Similarly, mAbs can be engineered to precision, targeting only the neutralizing epitope thereby reducing the possibility of ADE and hence protecting the host from COVID-19. Engineering antibodies to prevent interaction with FcγRs on immune cells can abolish ADE. Methods like mutation in the Fc region can block the interaction of anti-dengue virus antibodies with immune cells.[7] Another approach is using nanobodies or single-domain antibodies that contain only one variable domain (VHH, heavy chain variable region) instead of the usual two variable domains as they lack the light chain.[52] Nanobodies have various advantages like ease of synthesis, higher target affinity, better tissue penetration, reaches the target site easily due to smaller size and flexibility and importantly due to lack of Fc domain, there would not be a problem of ADE.[53,54] Due to the lack of Fc region half-life of these antibodies will be less requiring multiple doses.
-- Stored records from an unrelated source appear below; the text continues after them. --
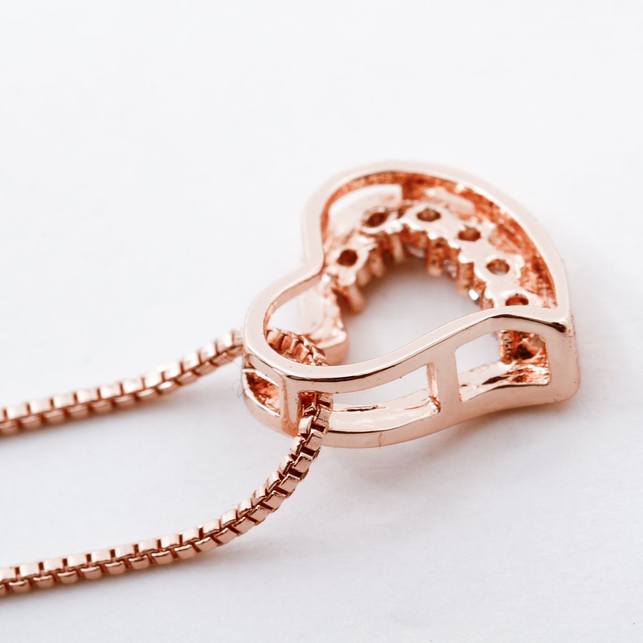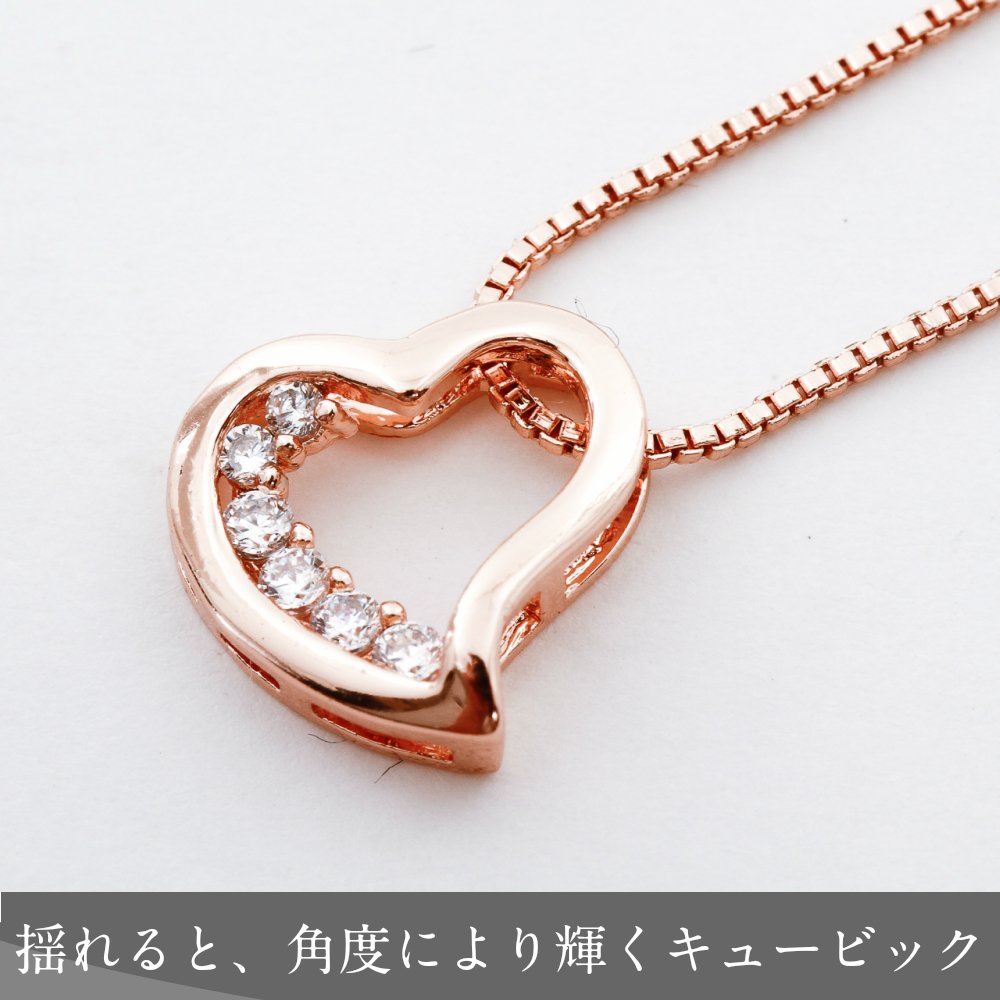 Like a diamond, please enjoy the open heart necklace using high quality cubic zirconia beautifully shining elegantly.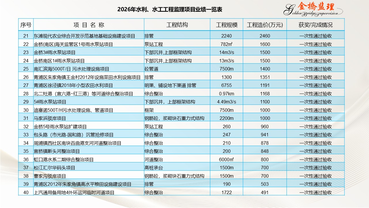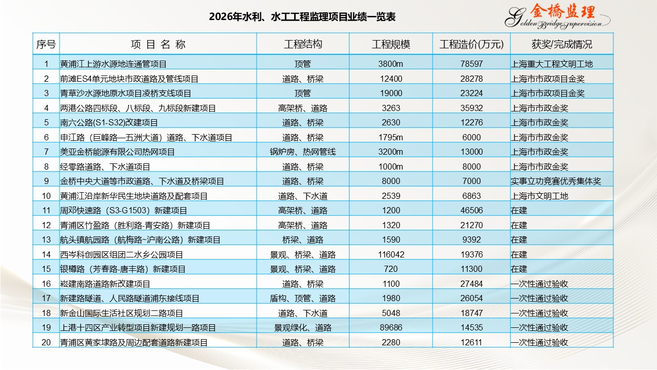 部分水利工程监理项目业绩一览表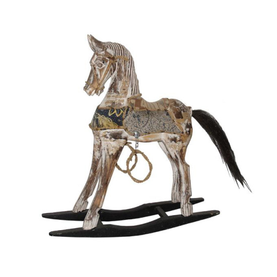 Wood Rocking Horse White Wash Batik 50 cm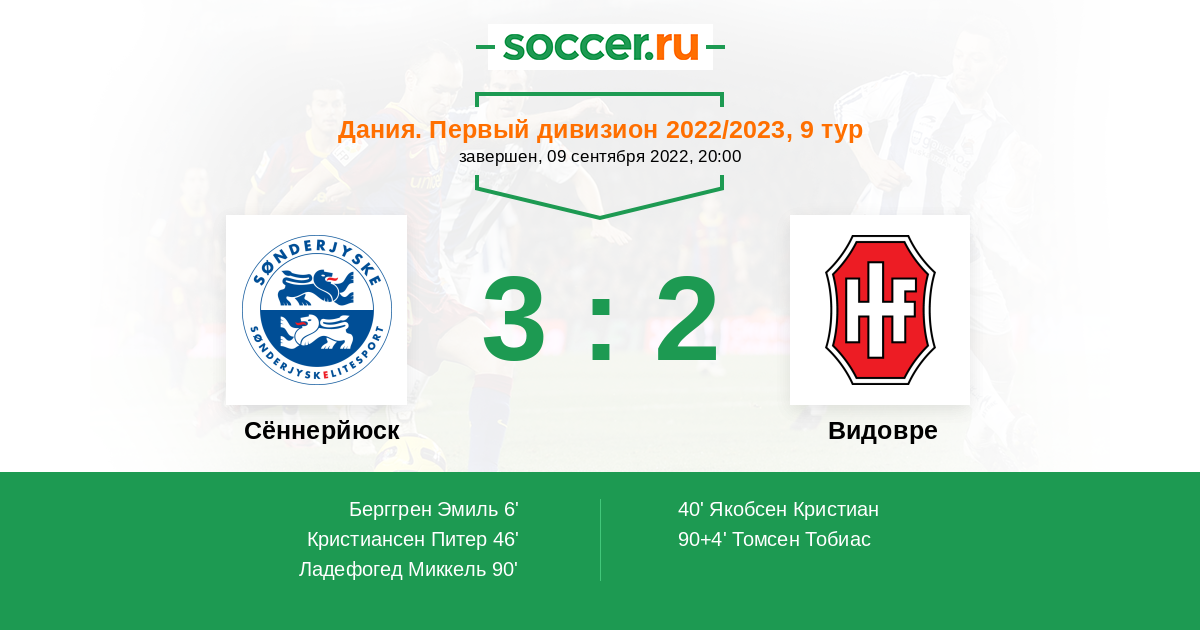 | Сённерйюск | 3:6 | 0:3 | 3:3 |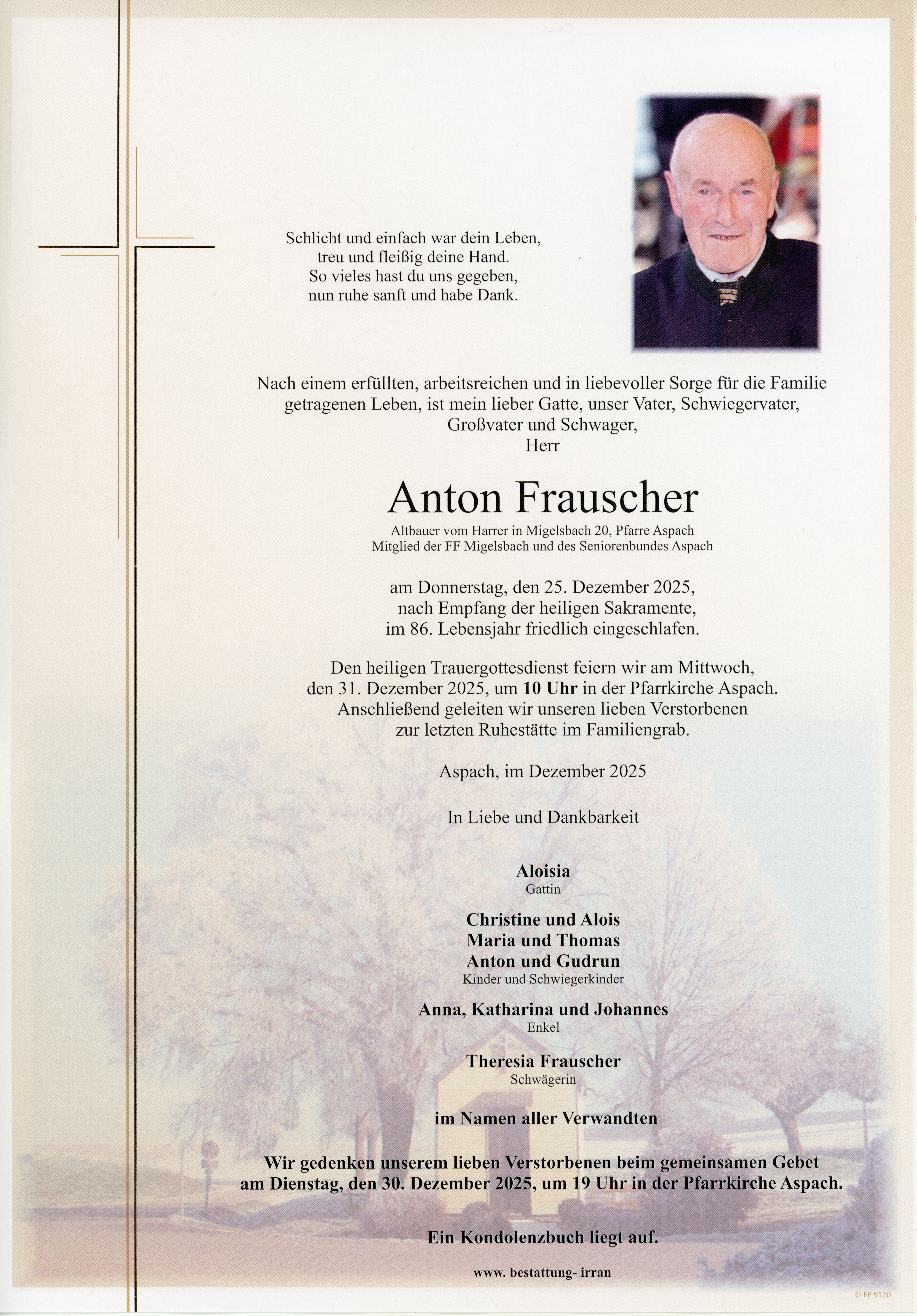 † Donnerstag,25. Dezember 2025 Anton Frauscher Aspach zurück

Nanobodies can further be engineered as per the need and its cell-penetrating ability can be improved by linking these antibodies with cell-penetrating peptides.[55] Hence, apart from the choice of the epitope for developing mAbs, the platform of mAb synthesis should also be considered to generate safe and protective therapy without the problem of ADE. Technologies like high thorough put peptide scanning approach, hydrogen-deuterium exchange mass spectrometry and other computational approaches can be employed to identify epitopes associated with ADE and epitopes without ADE can be selected for designing vaccines or mAbs. On a cautionary note, identified epitopes devoid of ADE may not be immunogenic thus can fail in the prime function of protection against infection.[56]

Conclusions

In the present context, there is no clear understanding of the SARS-CoV-2 virus, starting from the intermediate host to its prevention measures. Hence, the role of ADE in SARS-CoV-2 is not clear but earlier reports on other coronaviruses caution the complications associated with ADE. Hence, due care should be provided before developing vaccine and mAbs for prophylaxis and treatment of COVID-19. In order to achieve a protective and safe vaccine or immunotherapeutic agent, a clear understanding of COVID-19 dynamics is essential so that targets can be selected appropriately. Studies need to be focused on the immunopathology of SARS-CoV-2 to predict the effect of antibodies on subsequent infection and also to develop a universal coronavirus vaccine. To study the immunopathology, the experimental animal model for SARS-CoV-2 needs to be identified and further studies can elucidate the role of ADE. Strategies like targeting RBM of S protein or targeting other proteins that can elicit high affinity neutralizing antibodies can be used for the development of vaccine or immunotherapeutics so as to minimize ADE. To summarize, an immediate but measured approach is essential for the development of vaccines and immunotherapeutics that can safely prevent COVID-19 without untoward problems like ADE.